Items from a dataset
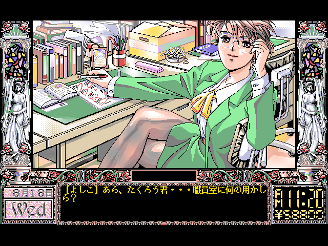 Here is the video game “Dōkyūsei”! Released in 1996 on SEGA Saturn, it's still available and playable with some tinkering. It's an adventure game, set in an adult and anime / manga themes and it was released on FM Towns and PC-98 as well.
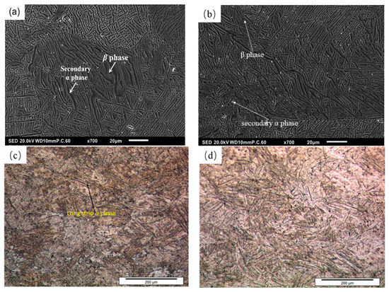 As shown in Figure 11, the microstructure is shown at different deformation temperatures at 0.01 s−1. As the temperature increased, the volume fraction of the α phase decreases gradually. The secondary α phase, formed at the α/β grain boundary, was dense, while it was relatively small in other areas of the β phase. It shows that dynamic recrystallization starts from the grain boundary and then nucleates in other areas of the β phase. With the increase of temperature, the force for the nucleation and growth of dynamic recrystallization drove more strongly, especially when it was higher than the transition temperature of the Ti–10V–1Fe–3Al alloy, and the grains have sufficient time to grow. In Figure 11c,d, the high deformation temperature played a significant role in the growth of recrystallization, and the recrystallized grains were needle-like. When the deformation temperatures were 730 and 790 °C only fine or short rod-like recrystallized grains existed. This is consistent with the changing trend of deformation activation energy at different temperatures.
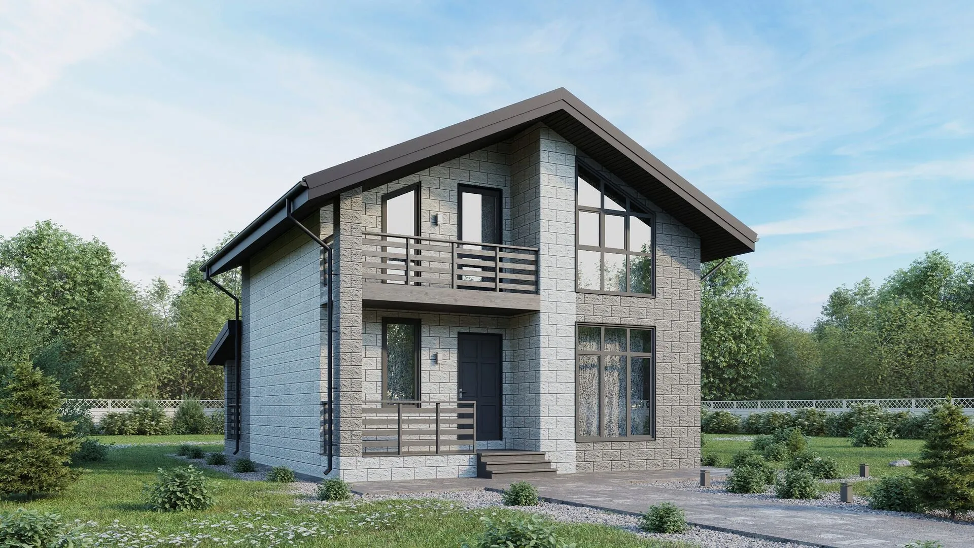 Прекрасная домика ПС‑0402 — это воплощение традиций в современном обрамлении. Он имеет два удобных надземных этажа, на которые удобно разместить семейные комнаты, а просторный чердак превращается в уютный уголок для хранения или творческого проекта. Благодаря классическому архитектурному стилю с двойной скатной крышей, дом выглядит элегантно и тепло, как в летний день, так и в заснеженную зиму. Здесь можно наслаждаться круглогодичным проживанием, ведь все материалы и конструкции выдержали испытание временем и погодой. Величественные керамзитобетонные блоки, формирующие внешние стены, не только придают дому надёжность, но и обеспечивают отличную звуко- и теплоизоляцию. Небольшая, но уютная веранда отсутствует, однако один просторный балкон/лоджия, подойдёт для любимых растений или как место для утреннего кофе. На уровне первого этажа вы найдёте открытую террасу, куда можно выложить газон и устроить маленький сад, а также разместить уютный столик для пикника. И в то же время, отсутствие привязанных гаражей позволяет сохранить свободное пространство для манёвра и легкой мобильности. Дом ПС‑0402 — это идеальное сочетание классической эстетики, практичности и комфортного пространства, которое станет настоящим уголком уюта для своей семьи.
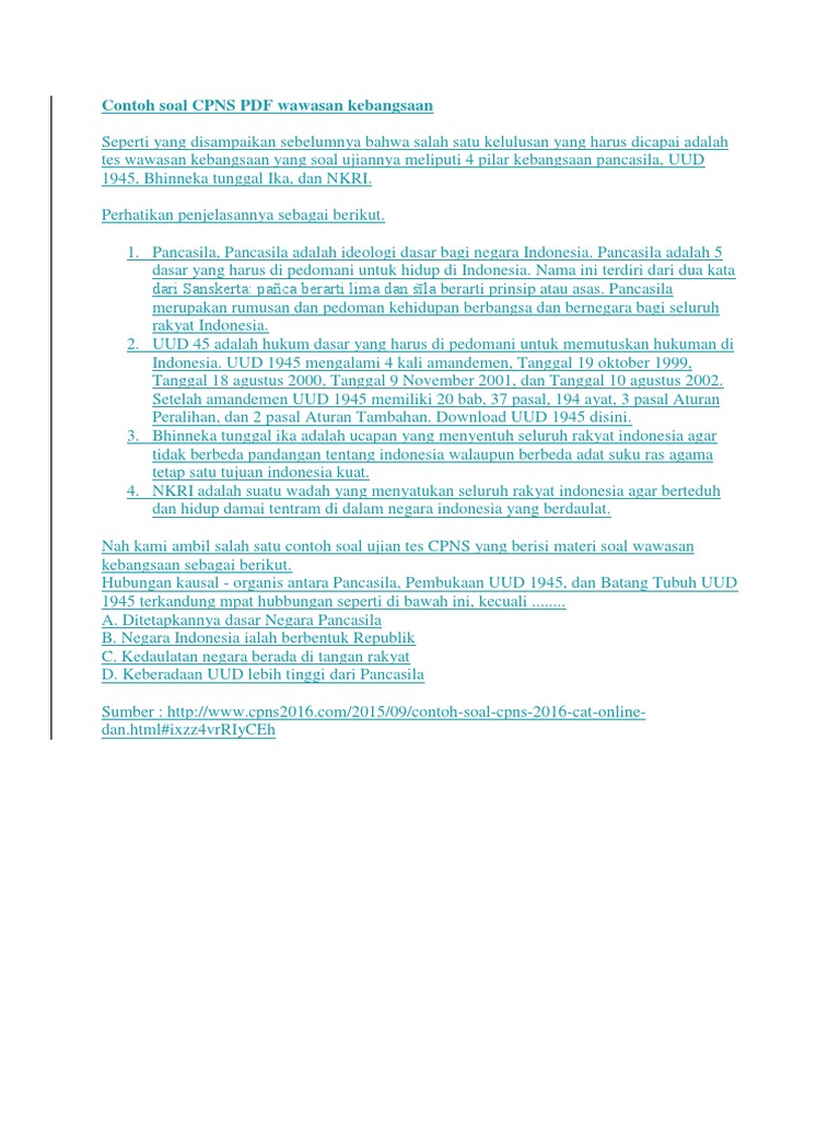 Contoh Soal Cpns 2018 Pdf Wawasan Kebangsaan
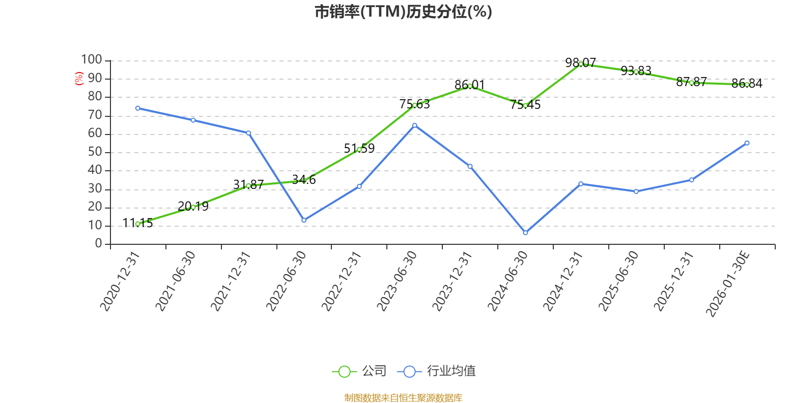 文中市盈率和市销率采用TTM方式,即以截至最近一期财报(含预报)12个月的数据计算。市净率采用LF方式,即以最近一期财报数据计算。三者的分位数计算区间均为公司上市以来至最新公告日。
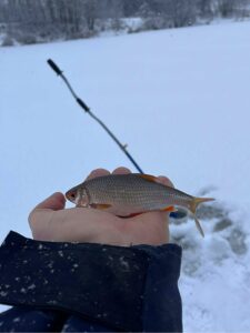Reikalas tas, kad visa mano šiandienos žvejyba vos kelios valandos – kaip sakoma, tik kirminui nuraminti. Kaip ten bebūtų, džiaugiamės ir tuo, ką turim. Nulėkta ant ledo, pasėdėta ir pagauta žuveliokų. Belieka lukterėti, kol rimčiau užtrauks didesnius vandenis – tada, tikiuosi, ir kalbos, ir veiksmo bus daugiau.
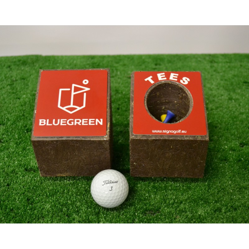 Objet : Achetez un Pack DUO, plutôt que 2 marques de départ + une corbeille à tee.Nous avons conçu des produits qui vont par paire sans sacrifier la possibilité de personnaliser la marque de départ avec votre logo.Disponible en rond ou en carré elles sont conçues en plastique recyclé pour en limiter l'entretien.Montage sur 2 pointes en InoxTarif valable à partir de 20 paires.Il faut 40 paires pour équiper un parcours 18 trous (avec un peu de stock tampon).Options : hauteur, message personnalisé en gravure
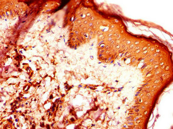 Immunohistochemistry of paraffin-embedded human skin tissue using CSB-PA007040LA01HU at dilution of 1:100
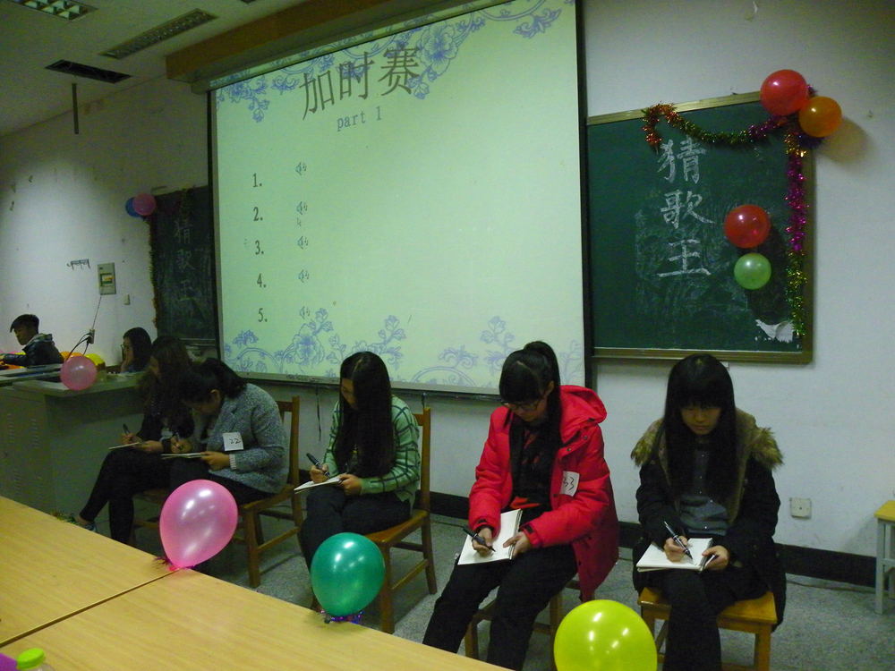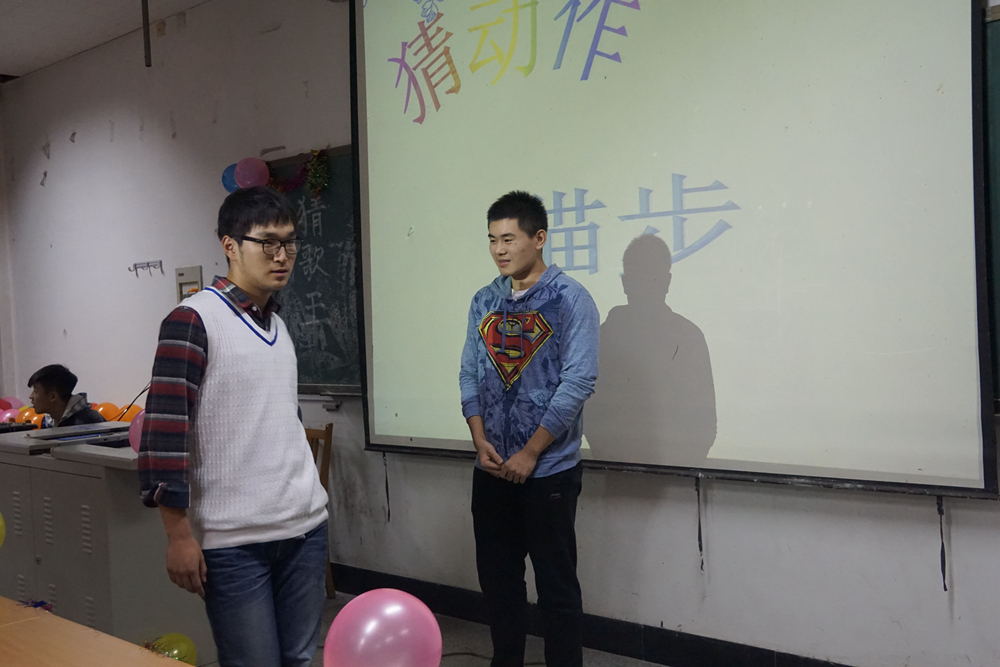 11月17日晚六点半,由我院学生会女生部与宣传部联合举办的“猜歌王”活动在2110教室开展。学生会主席肖铭鑫,副主席刘雨,秘书长杨昊睿及各部部长出席本次活动,活动由刘子健和孔雅欣主持,我院大一大二学生参加本次比赛。
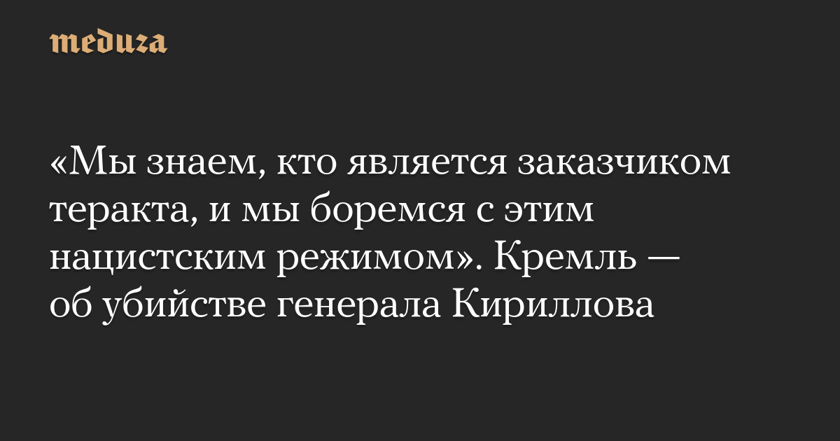 «Мы знаем, кто является заказчиком теракта, и мы боремся с этим нацистским режимом». Кремль — об убийстве генерала Кириллова
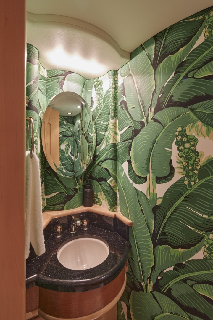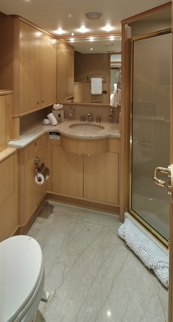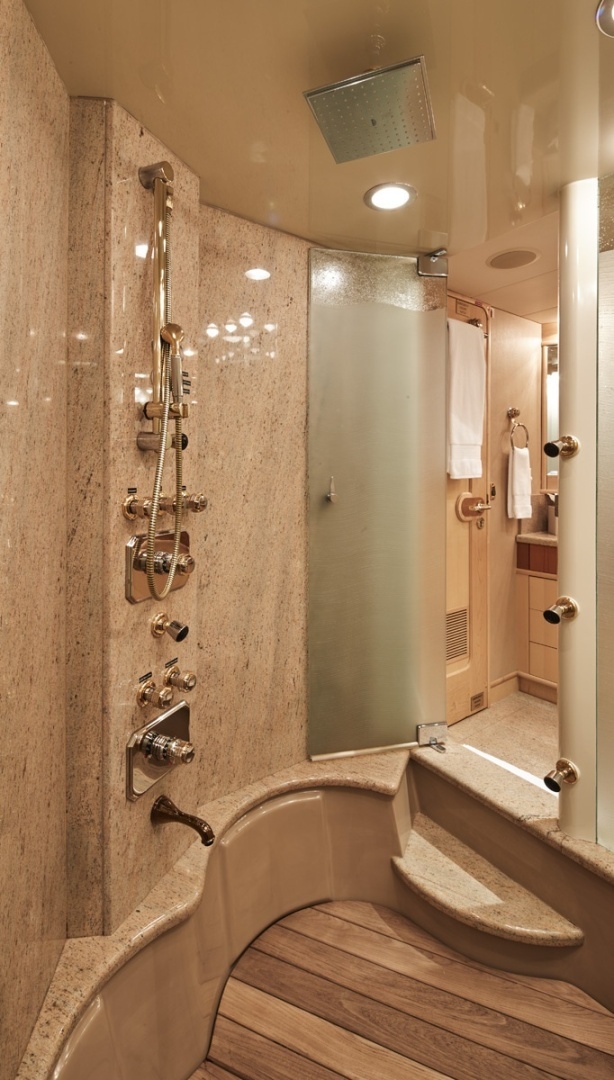 The owner’s stateroom is situated on the main deck forward featuring a unique split level owner’s suite, with the lower lever comprised of a large ensuite including a his-and-her side each with a sink, toilet, bidet, and walk-in closets connected by a large multi-head jacuzzi tub that can also be used as a shower.

**WHAT YOU ARE ASKED TO DO**
Exclude all pictures and return precisely the lines from the one containing "11月17日晚六点半,由我院" through the closing line of the data.

**TASK ANSWER**
 11月17日晚六点半,由我院学生会女生部与宣传部联合举办的“猜歌王”活动在2110教室开展。学生会主席肖铭鑫,副主席刘雨,秘书长杨昊睿及各部部长出席本次活动,活动由刘子健和孔雅欣主持,我院大一大二学生参加本次比赛。
 «Мы знаем, кто является заказчиком теракта, и мы боремся с этим нацистским режимом». Кремль — об убийстве генерала Кириллова
 The owner’s stateroom is situated on the main deck forward featuring a unique split level owner’s suite, with the lower lever comprised of a large ensuite including a his-and-her side each with a sink, toilet, bidet, and walk-in closets connected by a large multi-head jacuzzi tub that can also be used as a shower.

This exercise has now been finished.